Polk v. State

500 S.W.2d 535 | Tex. Crim. App. | 1973

OPINION

QUENTIN KEITH, Commissioner.

Appellant was convicted of robbery with firearms and the jury assessed his punishment at confinement for 75 years.

The first count in the indictment charged the appellant with the robbery of Kenneth Jacocks by the use of firearms; the second count charged robbery by assault and violence. The evidence showed that on the night of December 2, 1971, Ja-cocks and another employee of the Fish and Chips Restaurant in Fort Worth were robbed by two men at gunpoint. The witnesses for the State identified appellant as one of the robbers.

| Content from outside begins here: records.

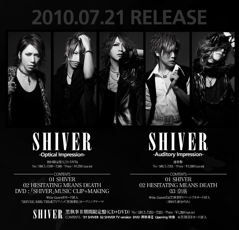 SHIVER, the single, was released in three editions: SHIVER-Auditory Impression-, SHIVER-Optical Impression- (初回生産限定盤 / First Press Limited Edition), and the Kuroshitsuji II Limited Edition SHIVER (黒執事II期間限定盤 / Black Butler II Limited Edition).
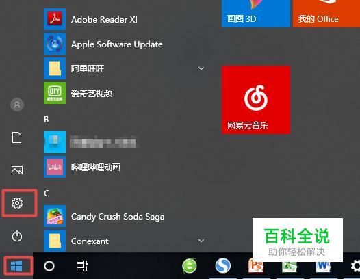 首先,电脑右下角出现电脑加红叉的话,那是因为我们的网络被我们禁用了,我们点击电脑桌面左下角的微软按钮,弹出的界面,我们点击设置;
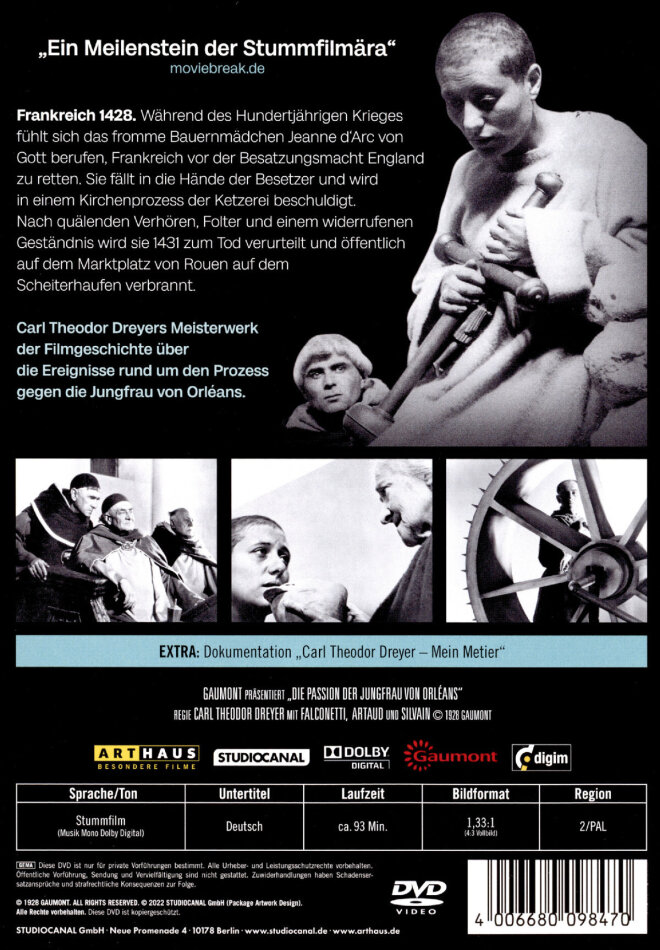 der beste film aller zeiten! maria falconetti verkörpert jeanne d'arc mit einer unglaublichen intensität. fantastisch auch die kamera-arbeit und die close-ups... der dänische regisseur carl theodor dreyer schuf mit "la passion de jeanne d?arc" einen meilenstein der filmgeschichte.
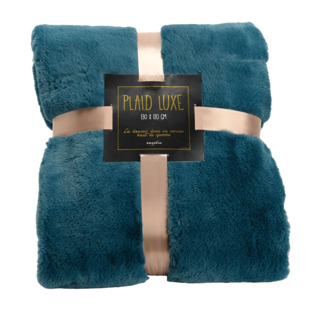 Plaid Luxe smaragdgrün 170x240 cm - Blau Polyester Amadeus 170x0.01 cm
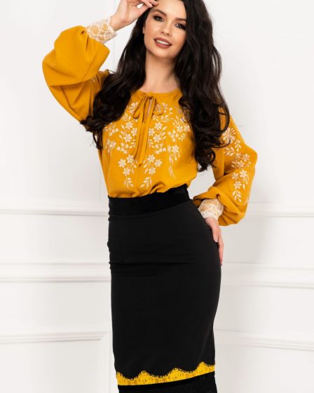 Fusta Venezia neagra conica cu dantela mustar aplicata la terminatie

The appellant did not testify and the jury rejected his plea of alibi as a defense to the charges. No complaint is made as to the sufficiency of the evidence to sustain the conviction.

In his first ground of error, appellant contends that the trial court erred “in submitting a two count charge to the jury.” Appellant made no motion to require the State to elect and the charge, which comes to us without objection, is in the precise language of 8 Texas Practice, Will-son’s Texas Criminal Forms Annotated (7th ed. 1966) § 3552, p. 551. We note that the forms of verdict submitted to the jury, found on the same page as the trial judge’s signature, authorized the jury to find appellant not guilty or “guilty of robbery with the use of and by exhibiting a firearm, as charged in the first count of the indictment.”

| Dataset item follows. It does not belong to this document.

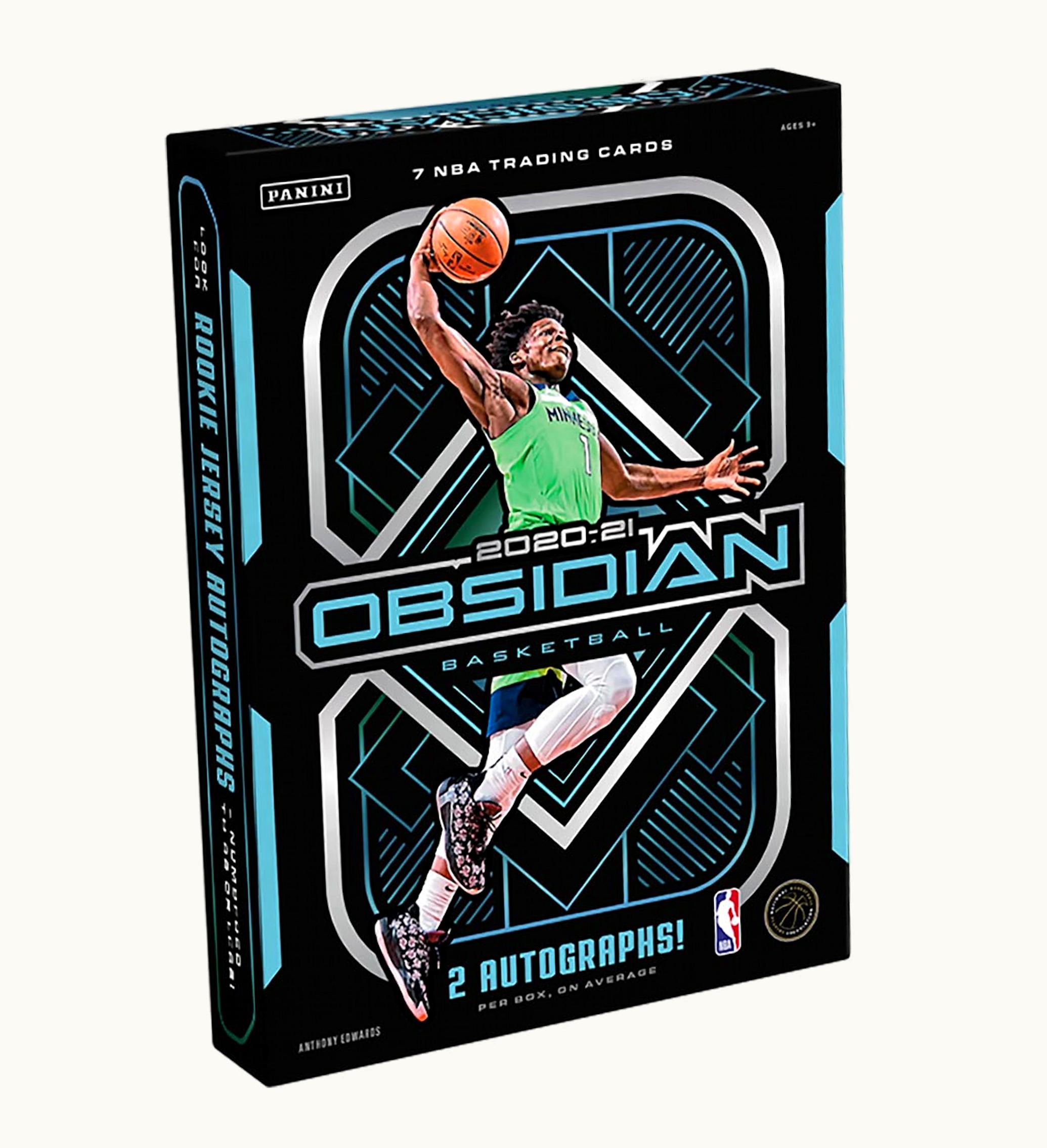 Drawing inspiration from volcanoes, the 2020-21 Panini Obsidian Basketball set showcases black Optichrome backgrounds on its cards. Aside from the base set, collectors can discover a vast array of inserts, autographs, and memorabilia cards. Among the featured cards are rookie cards from the 2020-21 NBA season for players like LaMelo Ball, Anthony Edwards, and Tyrese Haliburton. <br> <br> The 2020-21 Panini Obsidian Basketball Hobby Box is composed of one pack with seven cards each. Each box boasts two autographs and two parallels or inserts for collectors to add to their collection. The ultimate release date of the 2020-21 Panini Obsidian Hobby Box was September 29th, 2021, and all references to GLINT have been changed to GLINT.
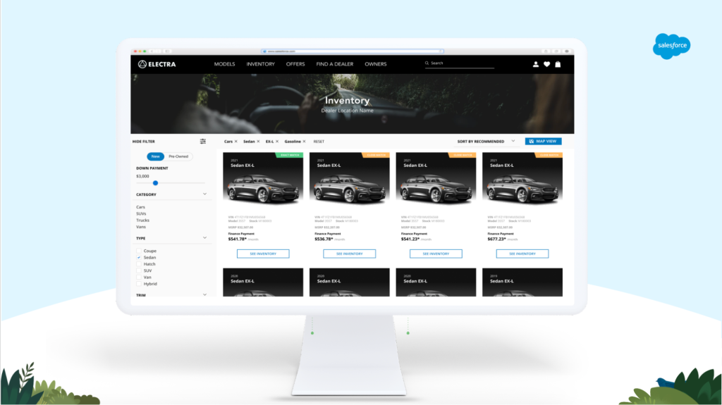 - New Commerce Cloud solutions available in spring 2023 and AppExchange integrations available now help streamline the car buying process in an increasingly digital shopping environment.

The two decisions1 relied upon by appellant to support his contention are inadequate to the task assigned them. In 1 Branch’s Annotated Penal Code (2d ed. 1956) § 464, at 460, many cases are cited in support of this well-founded rule: “If different counts charging the same character of offense are inserted in the indictment to prevent a variance and there is evidence supporting each, the State is not required to elect between such counts.” Furthermore, the forms of verdict submitted authorized a conviction only upon the more serious charge, robbery with firearms. We fail to see how appellant’s rights were prejudiced and ground one is overruled.

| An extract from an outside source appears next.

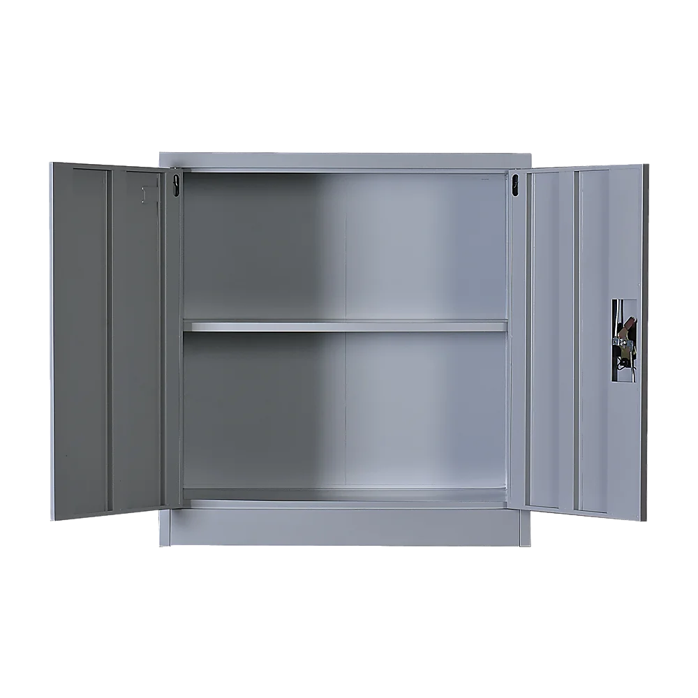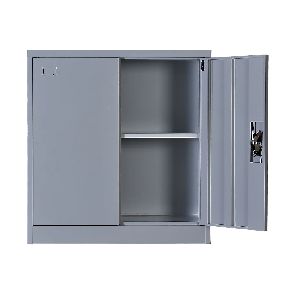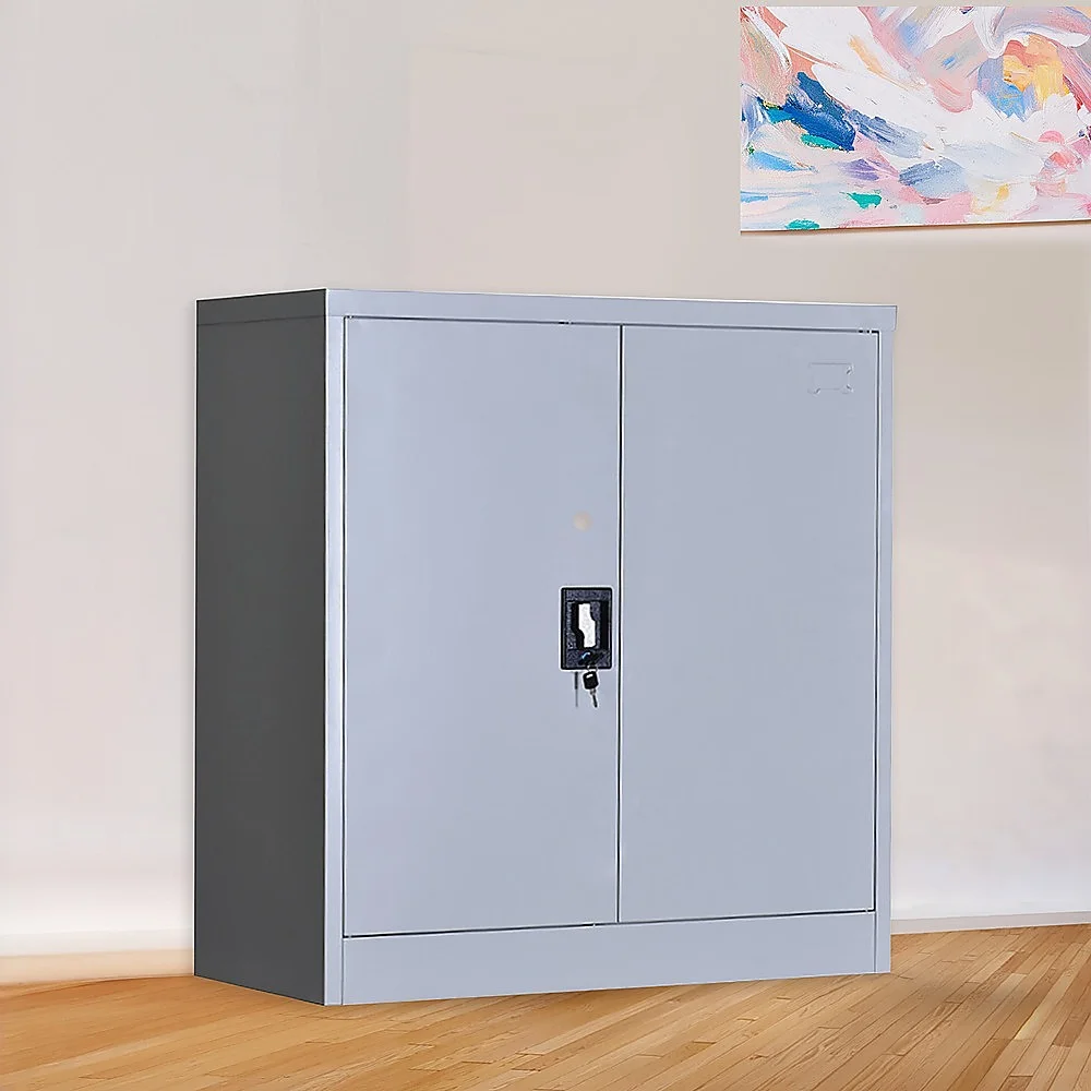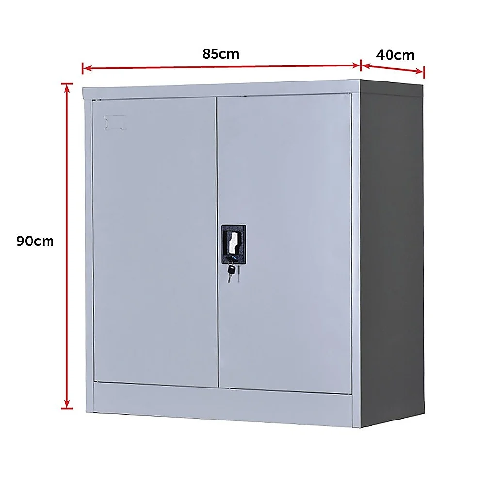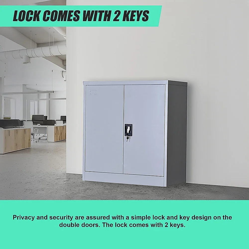 The cabinet is constructed with solid cold-rolled steel plate for excellent sturdiness and durability, not to mention an attractive look. The steel is also powder-coated to resist corrosion. The cabinet measures 90 x 85 x 40 cm, and the maximum recommended weight capacity is approximately 40kg per shelf.. Privacy and security are assured with a simple lock and key design on the double doors. The lock comes with 2 keys.
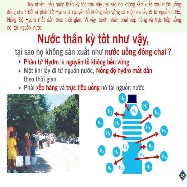 C. Nước thần kỳ tốt như vậy, tại sao không sản xuất như nước uống đóng chai?

Dean Chafin, Probation Officer in Criminal District Court Number Four of Dallas County, identified appellant as being the person who received a ten year probated sentence in Dallas County on February 7, 1967, for the offense of murder with malice. No objections were made to this testimony. Appellant now complains in ground two that this constituted error. As we understand the argument under this point, appellant contends that the probation officer was not a custodian of the records which would be the best evidence of the conviction; and further, without the introduction of the records, the defense was denied the opportunity to examine the records to ascertain the possible existence of constitutional infirmities therein.

The prior conviction of appellant was shown by the testimony of a witness familiar with the facts, a procedure which finds support in the reported cases. See, e. g., Brumfield v. State, 445 S.W.2d 732, 740 (Tex.Cr.App.1969) ; Cain v. State, 468 S.W.2d 856, 859 (Tex.Cr.App.1971). Of course, other means may be utilized by the State in making its proof of the prior convictions as indicated in the cited cases.

*537However, appellant has cited no case holding that the State is required to introduce the written record of the prior conviction in such instances. Nor are we persuaded by appellant’s reliance upon Olvera v. Beto, (Sth Cir. 1970) 429 F.2d 131. Among other salient differences, we find that in Olvera:

“It was stipulated that in each of the prior cases appellant (1) was an indigent, (2) was not represented by counsel, (3) was not informed of his right to have counsel appointed, and (4) did not waive the assistance of counsel. It was also stipulated that appellant’s counsel made timely objections to the admission of the prior convictions in evidence.” (429 F.2d at 132)

Not one of these events was shown to have occurred in the case at bar. Assuming, arguendo, the certified copies of the record would have been the best evidence, appellant made no objection to the testimony of Mr. Chafin. “Failure to object when evidence is offered precludes review by this court.” Palmer v. State, 475 S.W.2d 797, 800 (Tex.Cr.App.1972).

Ground two is overruled. The judgment is affirmed.

Opinion approved by the Court.

. Ex Parte Wagnon, 186 Tex.Cr.R. 364, 125 S.W.2d 572 (1939); McKenzie v. State, 32 Tex.Cr.R. 568, 25 S.W. 426 (1894).